Pythonic, yet C-Style structs/unions.

Structs are similar to namedtuples, but they allow type assertion and are defined the same way as any class. Creating a struct is easy.

$ pip install struction

from struction import Struct, default, between, clamp

class MyStruct(Struct):
    # any types specified *must* be a class/type
    field_0 = int
    field_1 = str

    # you can also allow multiple types
    multi_type = int, str

    # and default values!
    with_default = int, default(10)

    with_multi_and_default = int, str, default(10)

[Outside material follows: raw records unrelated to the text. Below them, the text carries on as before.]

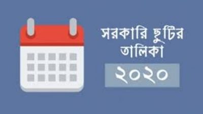 আকাশবার্তা ডেস্ক : নতুন বছরের ক্যালেন্ডার অনুযায়ী, ২০২০ সালে মোট সরকারি ছুটি ২২ দিন। এর মধ্যে সাধারণ ছুটি ১৪ দিন। এছাড়া নির্বাহী আদেশে ছুটি ৮দিন।মুসলিমদের জন্য ঐচ্ছিক ছুটি রয়েছে ৫ বিস্তারিত...
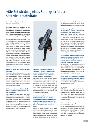 Im gleichen Jahr gewann er an der Junio- ren-WM die Bronzemedaille im Slopestyle. Nach den Olympischen Spielen in Sotschi 2014 entschloss er sich, den Fokus auf die Halfpipe zu legen. Inzwischen gehört Scherrer zur Weltspitze: In Aspen gewann er 2020 bei den X-Games und 2021 an der WM zwei weitere Bronzemedaillen. Beson- ders stolz ist man auch in seiner Heimatge- meinde Ebnat-Kappel. Die örtlichen Bäcker und Konditoren inspirierte sein Erfolg gar zu einzigartigen Kreationen: Kurz nach der WM gab’s einen Bronze-Biber zu kaufen, Gratulations-Spitzbuben und sogar einen Osterhasen mit dem gleichen Snowboard wie Jan Scherrer.
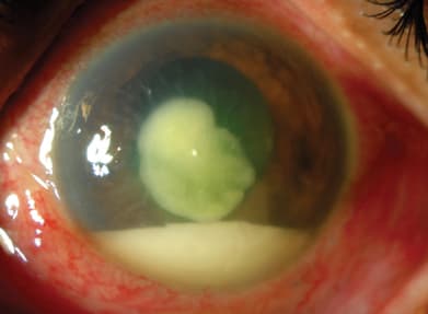 A patient with a severe central bacterial ulcer and a large hypopyon. Image courtesy of Christopher Rapuano, M.D.

    # it's also possible to set a specific range for fields
    with_range = int, float, between(1, 10)  # setting this to a value < 1 or > 10 will raise ValueError

    # or, values can be clamped to a range
    with_clamp = int, float, clamp(-5, 5)  # setting this to any value outside of range will clamp it

Once a struct is created, it’s fields can be changed, but they must match the given type or a TypeError will be raised. Using del on a field resets it to its default value.

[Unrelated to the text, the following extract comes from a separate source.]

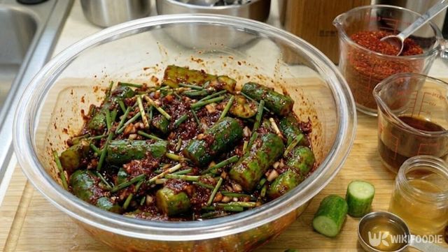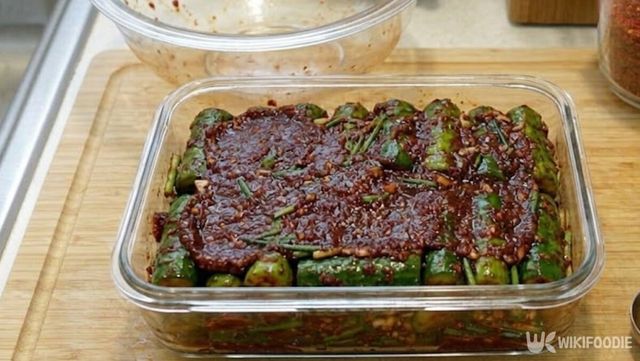 끓는 소금물에 담갔던 오이는 건져 충분히 식힌 뒤 사용한다. 겉에 남은 열기가 빠진 상태에서 양념을 넣어야 식감이 유지된다. 식힌 오이는 칼집 사이에 양념을 적당량씩 나눠 넣는다.

It’s also possible to nest structs. Any structs that are nested will automatically be initialized.

class NestMe(Struct):
    field_0 = int
    field_1 = int


class Nester(Struct):
    abc = str
    nest = OnlyInt  # nested struct
>>> print(Nester())
# Nester {
#     abc = None
#     nest = OnlyInt {
#         field_0 = None
#         field_1 = None
#     }
# }

>>> print(Nester(nest=None))
# Nester {
#     abc = None
#     nest = None
# }

If you don’t want strict types, you can also use a TypecastingStruct. This will attempt to typecast the given value to the field’s type. If it can’t be typecasted, it will then raise a TypeError.

from struction import TypecastingStruct

class Test(TypecastingStruct):
    i = int
    f = float
    s = str
    all = float, int, str
>>> test = Test()
>>> test.i = 5.3
>>> test.f = 100
>>> test.s = {"a": 1, "b":2}
>>> print(test)
# Struct Test {
#     all = None
#     f = 100.0
#     i = 5
#     s = "{'a': 1, 'b': 2}"
# }
>>> # If multiple types are allowed for a field, the value will be
>>> # casted to the first type that doesn't throw an Exception
>>> test.all = ("a", 1, "b", 2, "c", 3)
>>> test.all
# '("a", 1, "b", 2, "c", 3)'

Note: Typecasting only works at runtime. The values still need to match their types at class definition.

Reference

These can be applied to any Struct class.

  • Struct.dict() : dict with struct’s fields. {name: value, …}

  • Struct.fields() : list of fields struct has.

  • str(Struct) : Multi-line representation of struct.

  • repr(Struct) : Single line representation of struct.